Laws That Affect Medical Marijuana Use

Although in many parts of the country all use of marijuana is illegal, in Sacramento and other parts of California it is legal to use marijuana for medical reasons. This means that if you have a painful medical condition such as AIDS, or a condition that requires painful treatments, such as cancer, you can legally use marijuana to get relief from the associated pain and nausea. Of course, you will need to go through the proper channels to make sure that you are within the scope of the law. Following the proper guidelines ensures that you will be able to use marijuana medically in Sacramento without having to worry about getting into trouble with the police.

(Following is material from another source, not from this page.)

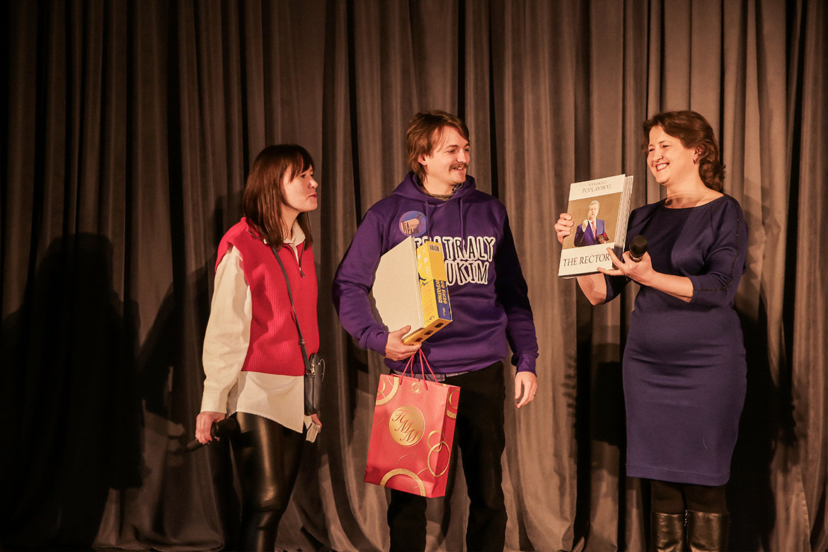 Декан факультету Ірина Іващенко, представляючи зіркового гостя, подякувала йому, що він у такий тяжкий воєнний час вирішив приїхати до України з важливою місією – допомогти Збройним Силам України – та поділитися своїм професійним досвідом із майбутніми акторами, режисерами, українською творчою елітою театру і кіно.

In 1996, Californians voted to pass Proposition 215. This proposition is also known as The Compassionate Use Act. It allows people to use, cultivate, and transport marijuana for medical uses. It also exempts people who do so and doctors who prescribe medical marijuana from any legal repercussions related to their actions. This is relevant because the federal government still considers marijuana use to be a crime. There have been several cases where the US government chose to prosecute individuals using medical marijuana in Sacramento (mostly growers of marijuana) who believed that they were acting within the scope of the Compassionate Use Act. If you choose to grow marijuana for medical purposes you will want to be aware that the federal government may choose to pursue you even though the state laws in Sacramento and other parts of California are on your side.
Following the passage of Proposition 215, marijuana dispensaries started springing up around Sacramento. In order to clarify some questions that came up, the California Senate passed Bill 420. This bill paved the way for a registration program for individuals who wanted to use marijuana for medical purposes. People who want to get a Medical Marijuana ID card (MMID) need to have a note from a doctor saying that their condition would benefit from the use of marijuana. Once a person has that he or she will need to go to the Sacramento County Office of Vital Statistics to pick up an application. The application asks about medical history and whether the applicant believes that marijuana use will help their medical condition. In addition to the doctor’s notes, applicants are required to provide proof of residency, a photo identification, their doctor’s name and contact information, and a non-refundable application fee of $166. Applications can only be turned in with a prior appointment. Appointments are scheduled on Wednesdays or Fridays, and applicants can call 916-875-0994 to schedule one.